*** SUPPLIED MATERIAL
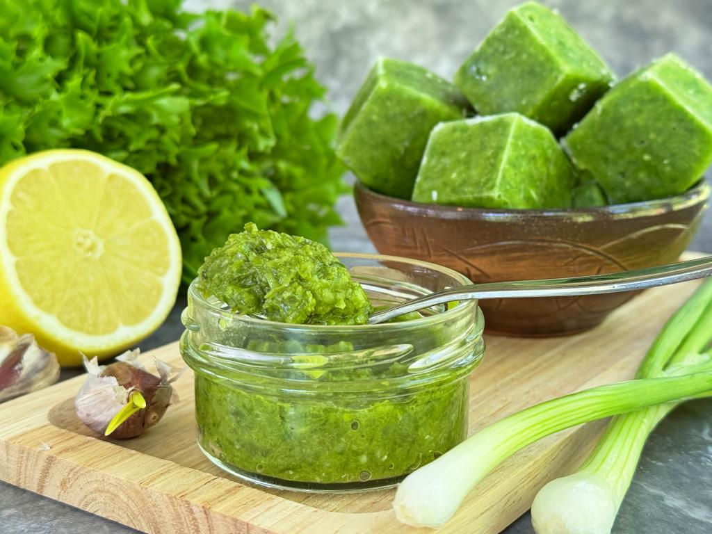 Паста из зелёного лука в холодильнике может храниться недолго, не более месяца, а замороженные кубики можно хранить в морозилке более года.
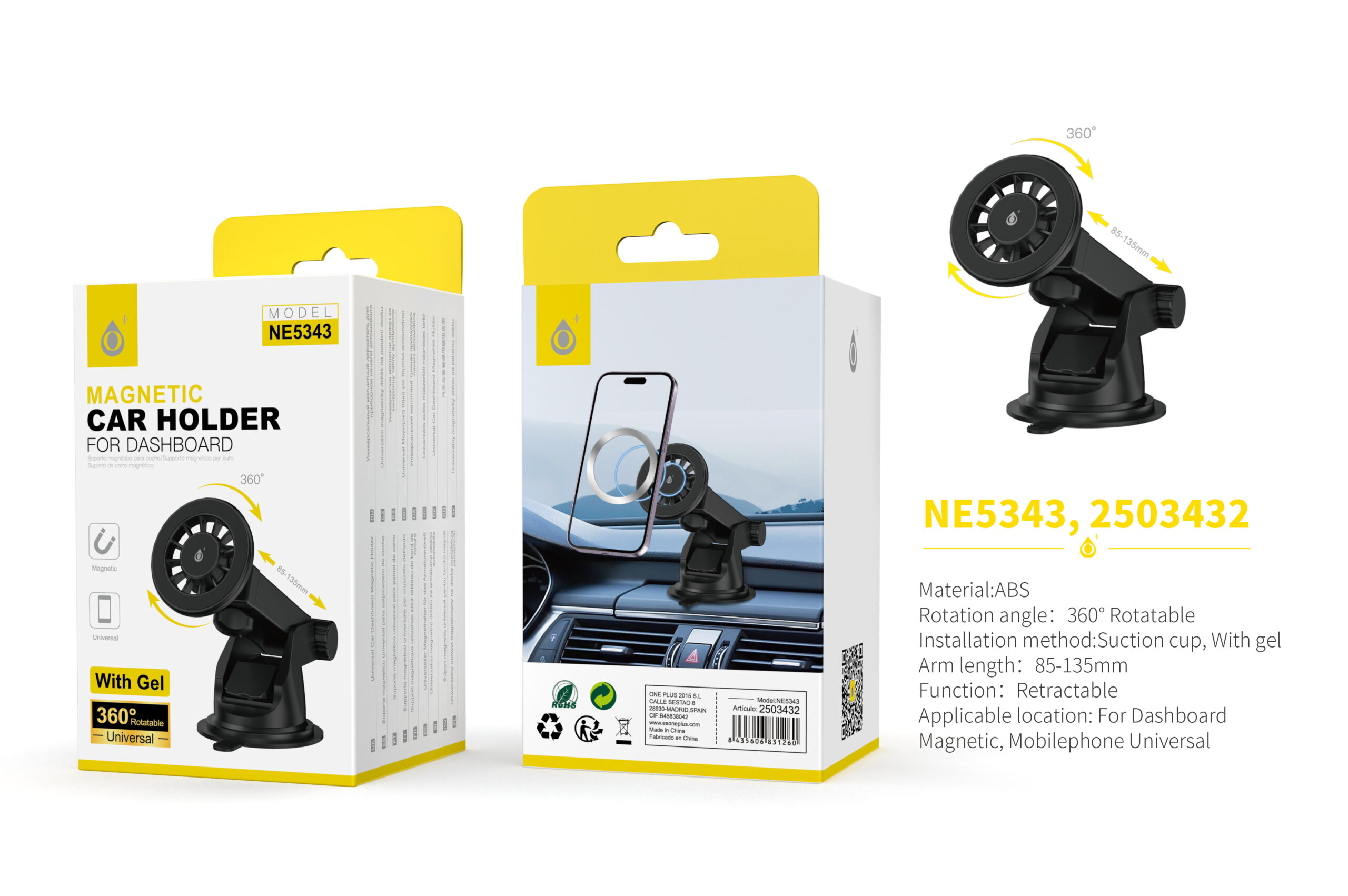 NE5343 NE Soporte universal con gel de movil magnetico para salpicadero de coche, Blazo plegable 85-135mm, ajustable 360°grado, Negro
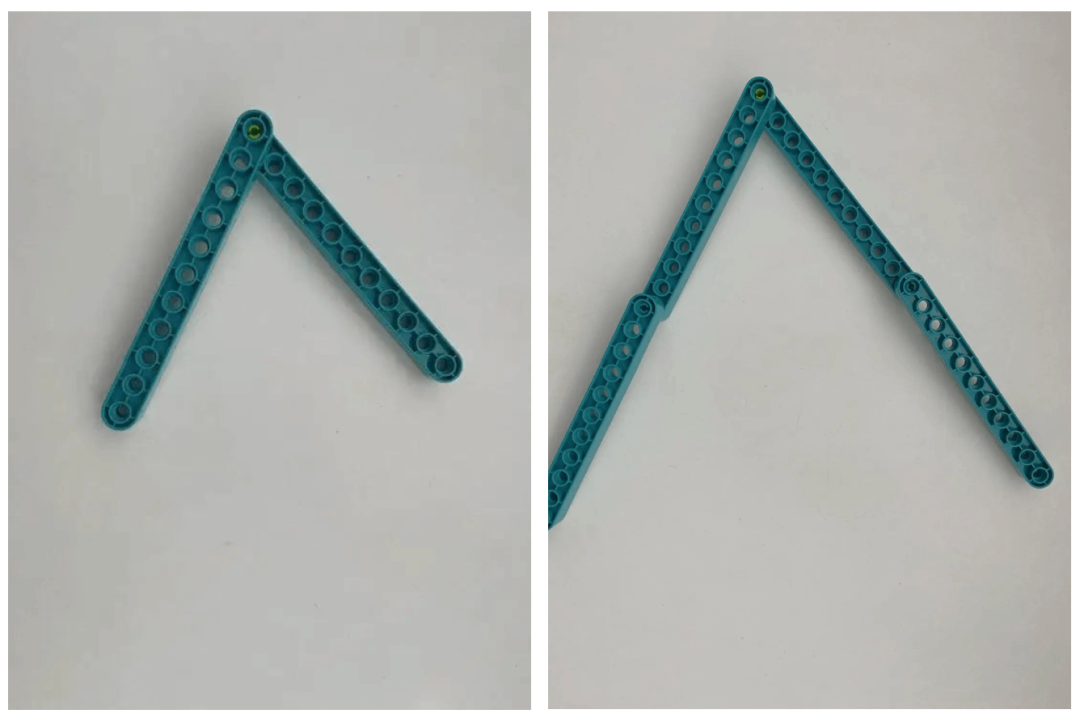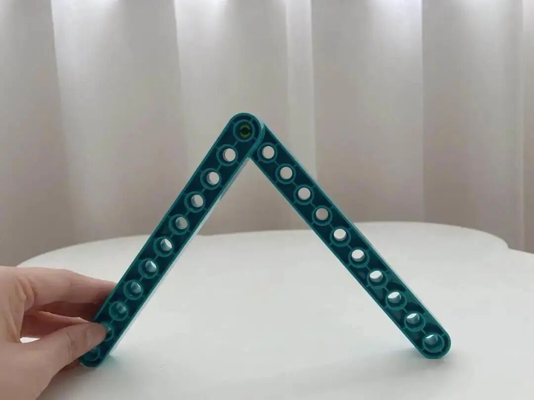 我们改变积木梁的长短,发展角的大小,跟两条边张口的大小有关,跟两边的长短无关👇
******
### TASK DESCRIPTION:
Print only the lines from the one with "NE5343 NE Soporte" through the last line of the data above, exactly and with both ends, and please omit any pictures.

### RESULT:
 NE5343 NE Soporte universal con gel de movil magnetico para salpicadero de coche, Blazo plegable 85-135mm, ajustable 360°grado, Negro
 我们改变积木梁的长短,发展角的大小,跟两条边张口的大小有关,跟两边的长短无关👇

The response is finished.